Click OK. Select Customer Type 2 and
3. Click OK. The resulting output for the 2 Sample
Mann-Whitney - Monte Carlo test is:
Given the Monte Carlo P-Value of .0004 we reject H0 and conclude that Median
Customer Satisfaction is significantly different between Customer types 2 and 3.
The Monte Carlo P-Value is very close to the above large sample or asymptotic
result.
This was expected because the sample size is reasonable (each sample N > 10), so
the large sample P-Values are valid using a normal approximation for the
Mann-Whitney Statistic.
The Monte Carlo P-Value 99% confidence interval is 0.0000 to 0.0009. Note that the
Monte Carlo P-Value will be slightly different every time it is run (the Monte Carlo
seed value is derived from the system clock).
This was demonstrated using 10,000 replications, but with a P-Value this low, it is
recommended that the number of replications be increased to 1e5 or 1e6 to get a
better estimate.
The resulting output for the 2 Sample KS - Monte Carlo test is:
Given the Monte Carlo P-Value of .004 with 99% confidence interval 0.0000 to
0.0091, we reject H0 and conclude that Satisfaction distributions are
significantly different between Customer types 2 and 3.
As with the Mann-Whitney, the Monte Carlo P-Value is very close to the above
large sample or asymptotic result.
Now we will consider a small sample problem.

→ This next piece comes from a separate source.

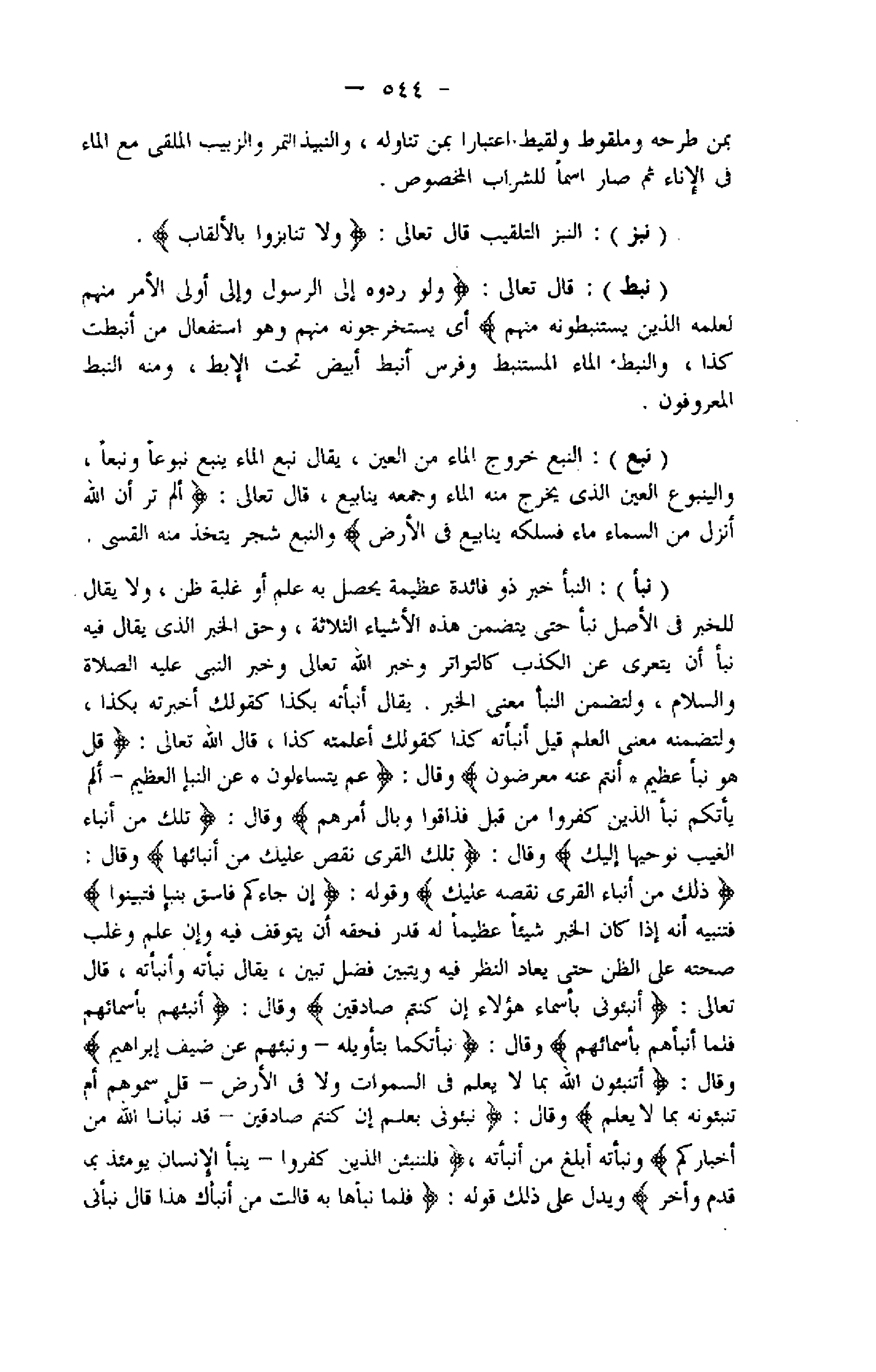 (نبأ) : النبأ خبر ذو فائدة عظيمة يحصل به علم أو غلبة ظن، ولا يقال للخبر فى الأصل نبأ حتى يتضمن هذه الأشياء الثلاثة، وحق الخبر الذي يقال فيه نبأ أن يتعرى عن الكذب كالتواتر وخبر اللَّه تعالى وخبر النبي عليه الصلاة والسلام، ولتضمن النبأ معنى الخبر. يقال أنبأته بكذا كقولك أخبرته بكذا، ولتضمنه معنى العلم قيل أنبأته كذا كقولك أعلمته كذا، قال اللَّه تعالى: قُلْ هُوَ نَبَأٌ عَظِيمٌ أَنْتُمْ عَنْهُ مُعْرِضُونَ وقال: عَمَّ يَتَساءَلُونَ عَنِ النَّبَإِ الْعَظِيمِ- أَلَمْ يَأْتِكُمْ نَبَأُ الَّذِينَ كَفَرُوا مِنْ قَبْلُ فَذاقُوا وَبالَ أَمْرِهِمْ وقال: تِلْكَ مِنْ أَنْباءِ الْغَيْبِ نُوحِيها إِلَيْكَ وقال: تِلْكَ الْقُرى نَقُصُّ عَلَيْكَ مِنْ أَنْبائِها وقال: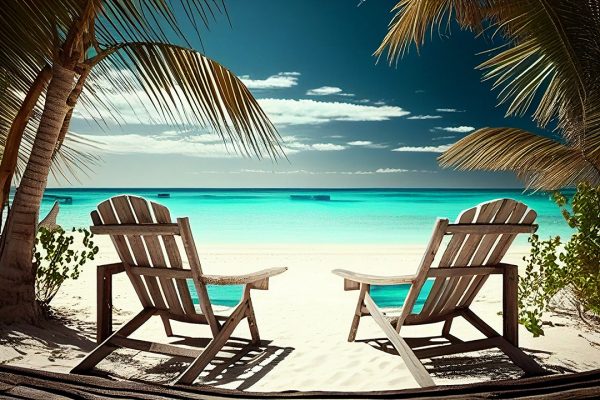 Lindas cadeiras de praia sobre areia do mar conceito  férias de verão gerado por IA

Open Stimulant
Test.xlsx. This data is from:
Narayanan, A. and Watts, D. Exact Methods in the NPAR1WAY Procedure, SAS
Institute Inc., Cary, NC.
Researchers conducted an experiment to compare the effects of two stimulants.
Thirteen randomly selected subjects received the first stimulant, and six
randomly selected subjects received the second stimulant.
The reaction times are in minutes.
We will test the null hypothesis of no difference between the medians of the two
stimulants against the alternative that stimulant 1 has smaller median reaction
time than stimulant 2.
Select Reaction Time tab.
Click SigmaXL > Statistical Tools > Nonparametric Tests Exact
> 2 Sample Mann-Whitney - Exact.
If necessary, check Use Entire Data Table, click
Next.
With Stacked Column Format checked, select Reaction
Time, click Numeric Data Variable (Y) >>; select
Stimulant, click Group Category (X) >>; and
Ha:Less Than.
Select Exact with the default Time Limit for Exact
Computation = 60 seconds.
The 2 Sample KS Exact option is only available for Monte Carlo, so is greyed
out.
Click OK. Select Stimulant 1 and 2.
This sets the order for the one-sided test, so the alternative hypothesis Ha is
Median 1 < Median 2.
Click OK. Results:
With the P-Value = .0527 we fail to reject H0, so cannot conclude that there is
a difference in median reaction times.
This exact P-Value matches that given in the reference paper.
By way of comparison, we will now rerun the analysis using the large sample or
asymptotic Mann-Whitney test.
Select Reaction Time tab (or press F4 to
activate last worksheet).
Click SigmaXL > Statistical Tools > Nonparametric Tests Exact
> 2 Sample
Mann-Whitney.
If necessary, check Use Entire Data Table, click
Next.
With Stacked Column Format checked, select
Reaction Time, click Numeric Data Variable (Y)
>>;
select Stimulant, click Group Category (X) >>;
and Ha: Less Than. Display 2 Sample
KS is left unchecked.
Click OK. Select Stimulant 1 and 2. Click
OK. Results:
Now with the P-Value = .0421 we incorrectly reject H0.
The difference between exact and large sample P-Value is small but it was enough
to lead us to falsely conclude that stimulant 1 resulted in a reduced median
reaction time.
In conclusion, whenever you have a small sample size and are performing a
nonparametric test, always use the Exact option.